Applied Sports, Technology, Exercise and Medicine Research Centre (A-STEM), Swansea University, Swansea, UK.
Institute of Sport, Manchester Metropolitan University, Manchester, UK.
Sports Med. 2023 Dec;53(12):2477-2504. doi: 10.1007/s40279-023-01905-1. Epub 2023 Sep 12.
Movement quality is typically assessed by drawing comparisons against predetermined movement standards. Movements are often discretely scored or labelled against pre-set criteria, though movement quality can also be evaluated using motion-related measurements (e.g., spatio-temporal parameters and kinematic variables). Wearable technology has the potential to measure and assess movement quality and offer valuable, practical feedback.

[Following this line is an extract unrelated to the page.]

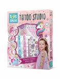 Tattoo Studio Unicorn - zestaw zawiera 2 markery do tatuażu, brokat w 2 kolorach, pędzelek, samoprzylepne kryształki, kolorowe tatuaże, szablony.

A systematic approach was taken to examine the benefits associated with multi-sensor and multiple wearable-device usage, compared with unimodal applications, when assessing movement quality. Consequently, this review considers the additional variables and features that could be obtained through multi-sensor devices for use in movement analyses. Processing methods and applications of the various configurations were also explored.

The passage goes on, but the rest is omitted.